I was hurt and angry when I found out; I was also a little scared. This was someone whose work and words I found inspiring and encouraging, and yet he had come to the conclusion that his best option was to opt out. I was just at the beginning of what would turn into several years of private struggles with my own set of adversities, and I was taking his death as something of a warning - that from the outside, you can't tell what someone else's limits are, and that ultimately, we are all alone with our most intimate enemy.
To deal with how I felt, and to process what I was learning about Wallace's private hell and depression in general, I wrote a song called "Get Me Home" (apologies for the demo quality):
"I appreciate the love you give meIn the last few years, I've watched other people who you might or might not consider public figures talk about their depression; The Bloggess, Wil Wheaton, and one of my favorites (because I relate so closely to many of her experiences) Allie Brosh of Hyperbole and a Half. They probably aren't what the average person would recognize as "celebrities," but they are brave people who don't hide their pain or their joy; and they want what I want right now: they want you to be alright.
But it's not enough
Because it's up to me to get me home."
Robin Williams was a celebrity. But like these other folks, and like me, that's not what was important about him. To me, his bravery and honesty, his fear and his unabashed embrace of joy were the things that were important about him. I never met him, and he certainly didn't know who I was, but as I watch the world - the TV, radio, internet, all of my friends and family - react to his loss, I see everyone sharing their favorite moments from his career. Those moments are the evidence of those qualities.

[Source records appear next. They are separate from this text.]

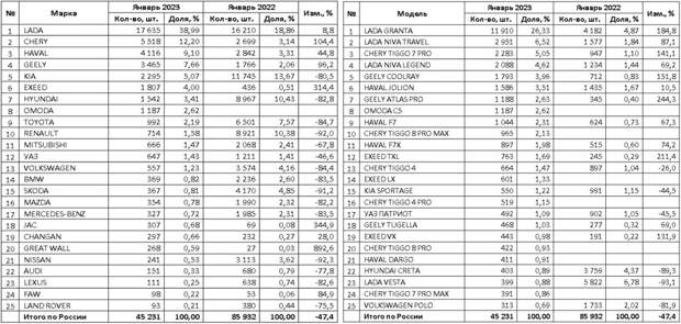 Топ-25 марок и моделей на рынке новых легковых автомобилей в январе 2023 года (шт.)
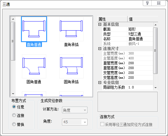 风管三通界面如所示,可在左侧图示列表中选择三通类型,右侧列表中为所选三通参数。
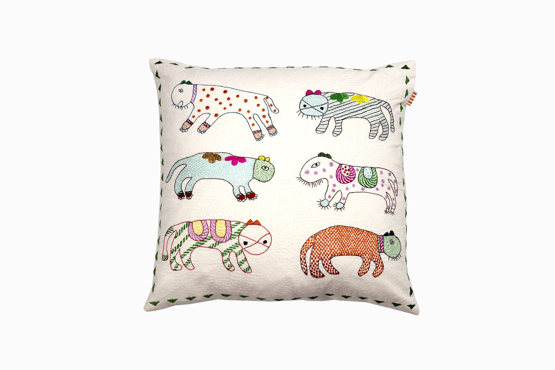 Ces ravissants coussins en coton brodés à la main sont fabriqués à Dhaka, au Bangladesh. Elles sont décorées de tigres dans un style naïf et conviennent parfaitement à une chambre d'enfant.
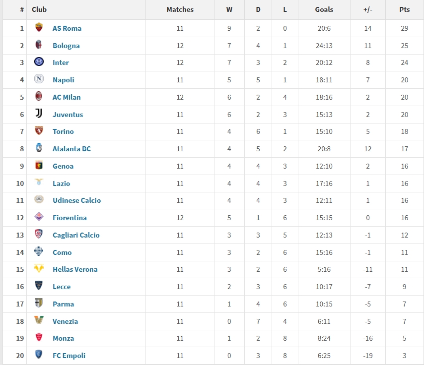2025-03-18 08:21:48意甲2025年度積分榜:羅馬29分居首,國米第三,米蘭尤文位列五六
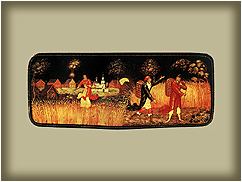 Темы произведений художников Палеха - излюбленные в фольклоре мотивы крестьянского труда, хороводы, тройки, битвы, песенные и исторические сюжеты, сказки, былины. Мастера прекрасно сочетают живописные композиции с формой миниатюрных шкатулок, ларцов, тарелок, коробочек, пластин , пудрениц.
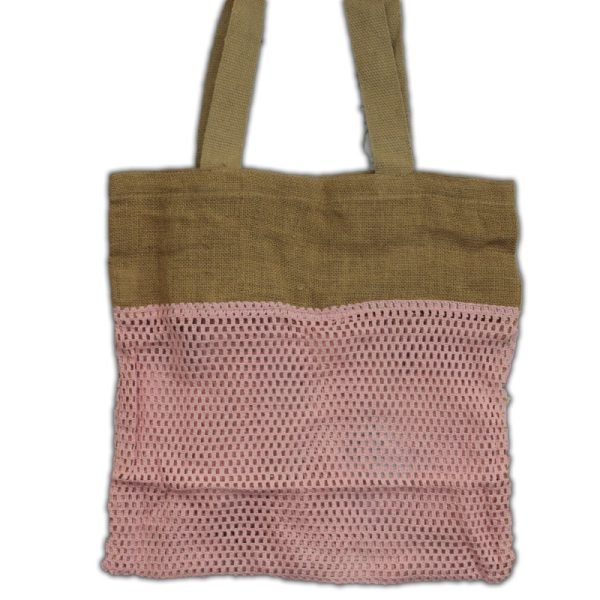 Haz tus compras o salidas diarias con un toque de conciencia y diseño con esta bolsa de malla artesanal hecha con yute natural y algodón rosa. Una alternativa ecológica, práctica y elegante que combina resistencia y ligereza en un solo accesorio.
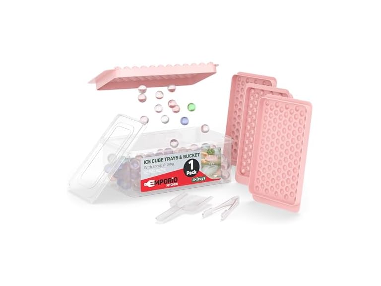 - Emporio Kitchen Round Ice Cube Tray Set Pack of 1, BPA-Free Stackable Trays with Lid & Tongs, 104 Ice Balls Per Tray for Whiskey, Drinks, and Cocktails, Quick Release Round Ice Cube Mold, Pink
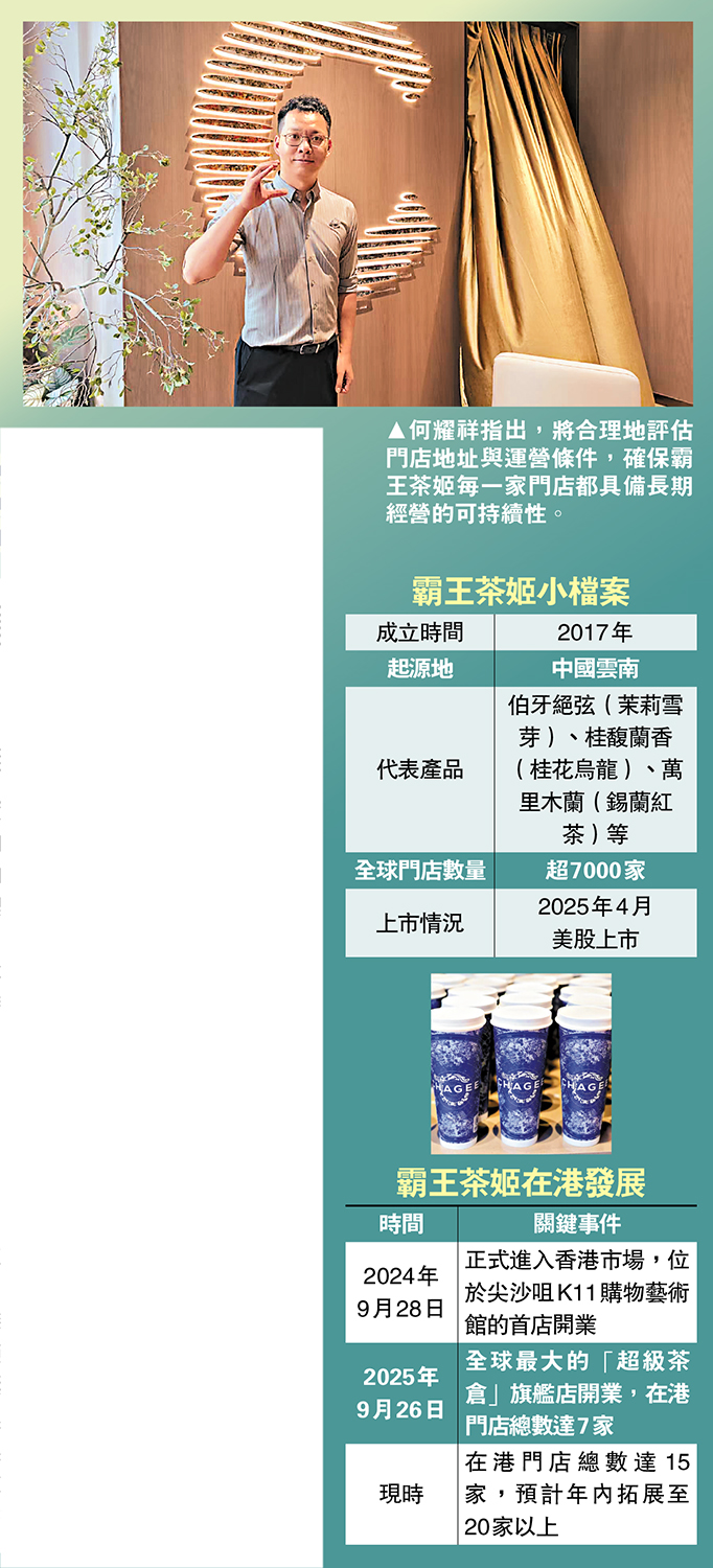 目前霸王茶姬在香港已有15家門店,全部由集團直營,並預計今年內拓展至20家以上。何耀祥指出,門店選址方面,將科學、合理地評估門店地址與運營條件,確保每一家門店都具備長期經營的可持續性。他強調,開店關注的不只是租金水平,更包括區域人流結構、消費習慣以及門店服務,希望向香港消費者提供長期、穩定的茶飲服務。

There are the cynics among you who will scoff at another well-off famous person who couldn't handle their too-good life; if that's what you need to feel safe, go ahead and scoff. But for the rest of us - those who are hurting and looking at ourselves and our own struggles with life, I'd like to share one of my favorite moments.
Watch this 5 minute clip from the 1991 Terry Gilliam movie "The Fisher King" and if you haven't seen this film before, pay attention. Then come back here.
When Robin Williams burst exuberantly onto my TV when I was just a kid, he embodied madness. I loved it, because he was putting what I felt inside all the time on display; he was being accepted for being the person that everyone around me told me not to be. He was an epiphany. Even when his jokes didn't work or his character voices fell flat, he still charged brashly out in front of everyone and didn't hold back - and that set me free.
And even at the time, anyone watching him knew - KNEW, without being told - that his life at that time was a drug-fueled piece of performance art. Later, when we saw his Live at the Met performance, he confirmed that. Even though it was a performance, it was honest. You knew he was scared, but instead of hiding from that fear, he turned it into a huge, defiant farce. And many of us watched him work through the self-destructive side of that life and build something better. If you paid attention to his career at all, you gradually realized that while everything he did was a performance, none of it was "fake" - that was why we loved him, even when he was in a colossal piece of crap (looking at you, Popeye).
I realized early on that he and I had a lot in common.
That scene in the Fisher King captures this essence. That scene is all about how we perform and put up defenses against getting too close or getting hurt. It says everything that needs to be said about him. His performance - every performance - was a raw display of a man who did not care about the facade he was building. He just loved. Everything he did spoke of that. And he was scared. Everything he did - every joke, every goofy face, every raw, vulnerable moment of quiet showed that he was both terrified and amazed by the world.
As am I. As are you, if you let yourself feel it.
If you watched that Fisher King clip, but haven't seen the whole film, I'm going to give you a small spoiler. At the end there, when you are seeing him through the window, and he steps to the side, you see his image split into two by the bevel in the glass - that next moment is when his character, Perry, is attacked by "The Red Knight" - the external embodiment of Perry's fear and trauma. It's a confusing and brutal moment of cinema. When I heard about his death and started seeing my friends and family posting about how surprised they were that Robin Williams of all people would take his own life, that moment is what I thought of. And I wasn't surprised at all.
Because all of us have a "Red Knight". All of us are terrified of this mad, amazing world. Even the brave clowns who dance through the madness are afraid of it. And it can jump out at you from the shadows at the moment when you think you should be your happiest. Your most intimate enemy is always hovering just out of sight.
So I will take two lessons from the life and death of Robin Williams. I will BE joyful, because the world is beautiful and full of love and joy; and I will BE afraid, because it is also dangerous. But I won't let fear of the danger keep me from feeling the joy. I don't let it stop me from loving; and I won't let anyone else pretend that there isn't love and beauty all around just because it feels safer to skip over the scary parts.
And if you need me to, I will help you in any way I can. You may not appreciate how I do it, but I will love you, I will share my amazement with you, and I will sound forth as many barbaric YAWPs as the situation calls for. (However, unlike Perry, I DO drink coffee.)
The brutally beautiful and honest truth is that it will always be up to you to get you home. But you're not the only one traveling, and you don't have to fight the Red Knight by yourself.